I walked out on her, returned to her for a couple weeks but her difficult ways were not worthy of my ways. So ive gone no contact ever since. We blocked each other on fb and ive been going great

 

But last week it became clear she had unblocked me and her profile randomly showed up without me even searching for it wtf!!

 

Anyways her public posts have highlighted the passing of her mother and now this weekend her best mate seems to hav passed away. We're still in no contact but these events hav me a little sorry for what she is going thru because losing her mum and best mate she has also lost me in the past 2 months

 

No contact means no contact but should i touch base with her or wait for her to contact me.
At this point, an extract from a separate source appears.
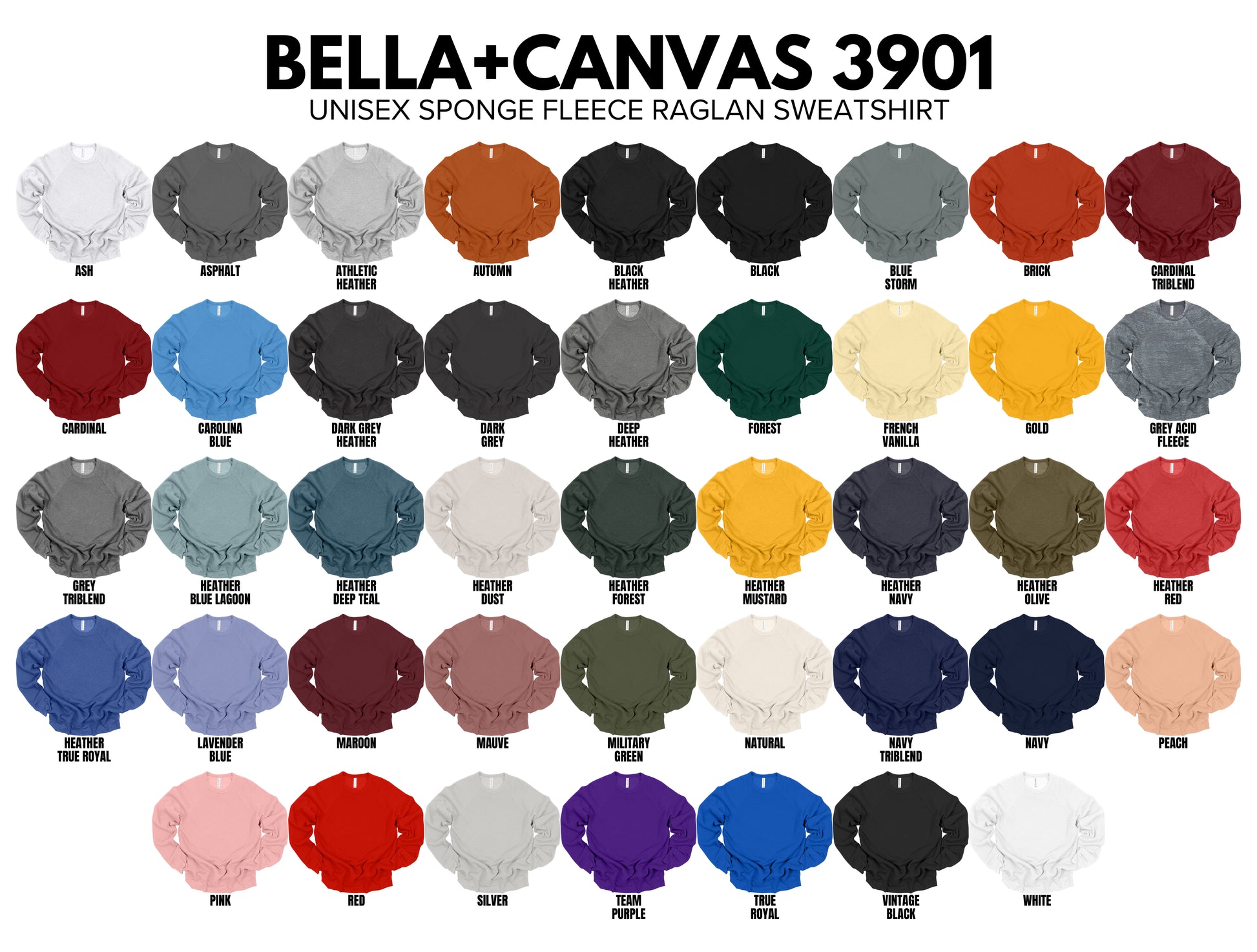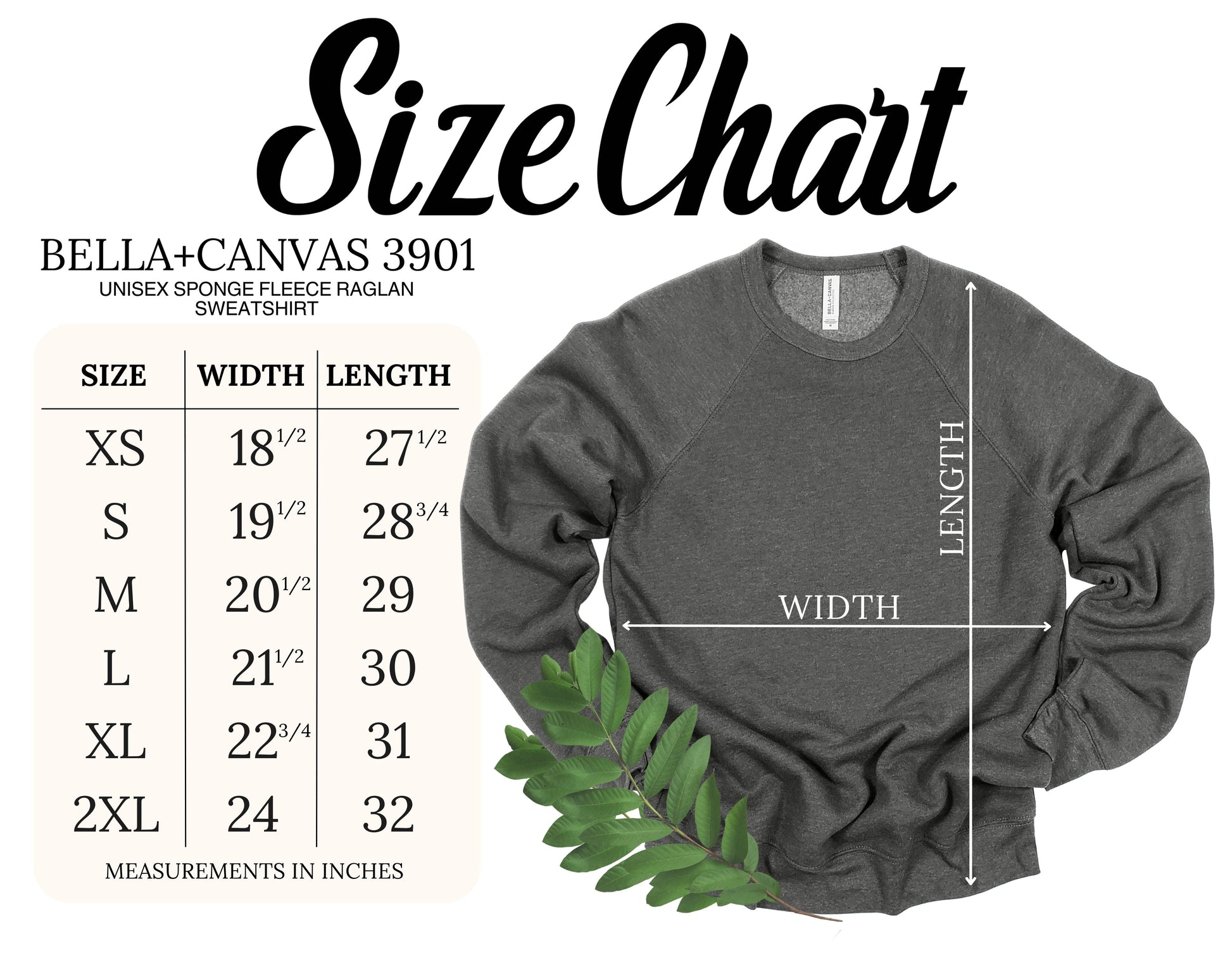 - Sweatshirt brand: Bella + Canvas (unisex sizing)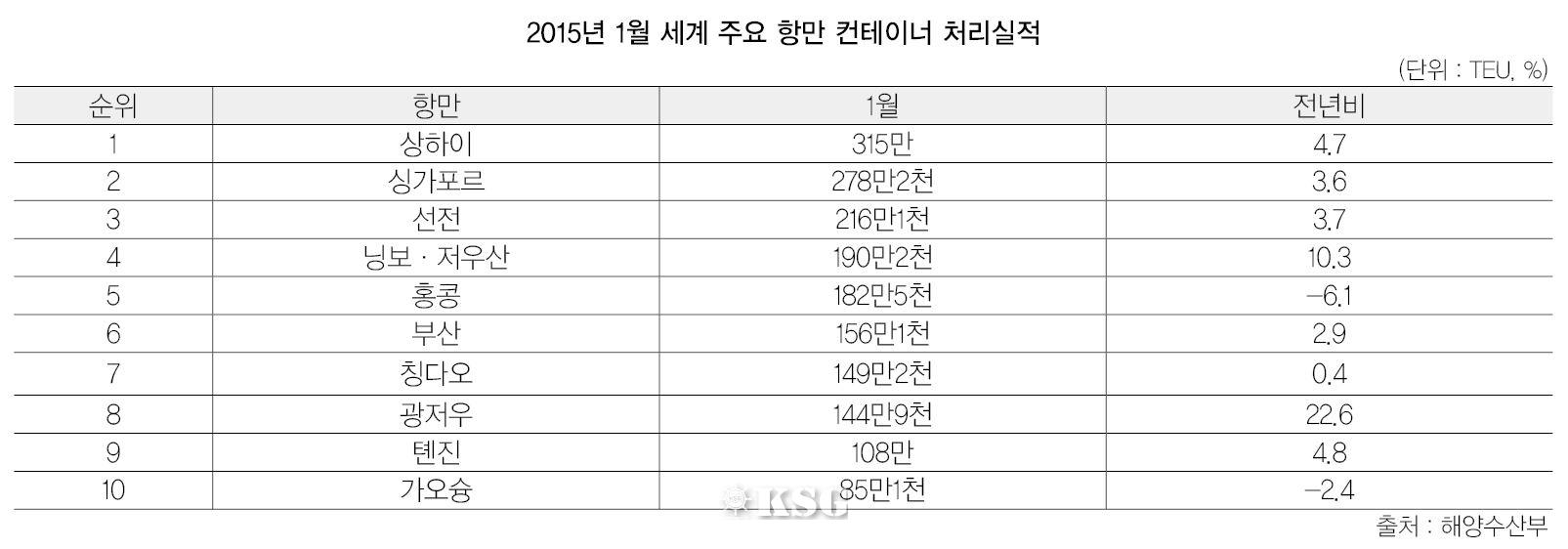 최근 해양수산부가 집계한 1월 세계 주요 항만 컨테이너 처리실적에 따르면 닝보·저우산항은 전년 대비 10.3% 성장한 190만2천TEU의 컨테이너 화물을 처리하며 월간 처리실적에서 세계 4위로 도약했다. 월간 컨테이너 처리실적에서 단 한번도 4위로 올라서지 못했던 닝보·저우산항은 광저우항에 이어 세계 주요 컨테이너 항만 중에서 높은 물동량 성장세를 보이며 사상 최초로 홍콩항을 눌렀다.

I guess if i was important enough shell eventuality reach or maybe she has someone else comforting her and this is something i dont wish to know, prefer no contact if this is the case

 

I can tell she is channeling me thru her fb posts, i guess however i will just stay away until a significant effort is made by her?

 

Ive always thought that if a woman wants you, you will soon find out about it. But in this instance would the woman be her stubborn self just hoping for my return and wont ever make the reach no matter how much she needs me, because im the one who departed her in the first place

 

I guess 10 years ago the days without fb, no of this new information would hav been known and id be further drifting away oblivious to such details

 

I miss her deeply sometimes but i dont miss where we were incompatible, any thoughts? I kinda hav no one to talk to about this

Posted

I don't know, I would contact her. I lost my father a few years ago and I appreciated it whenever people reached out, even those I had issues with. I know it could be difficult for you because she might use you for comfort, but I think an innocent message from you will make her feel a bit better, she must be going through hell right now. But if you can't set boundaries afterwards then maybe you shouldn't contact her.

Posted (edited)

NC is NC. If she wanted to talk to you about it, she's a grown woman and can pick up her phone and make some dials and open her mouth and talk to you about it.

 

Besides, you don't think she's fit for you, so what's the point of rekindling if it'll go back to square one? If YOU feel she's not worth the effort or time don't break this girl's heart by settling for someone that doesn't meet your needs.

 

She'll be alright without your condolence. I know it sounds a little harsh, but if you care, do what's best for both of you two.

 

In life, we are always losing things/people we once cared/loved. It's nothing new or won't go away. She'll be fine with or without your call.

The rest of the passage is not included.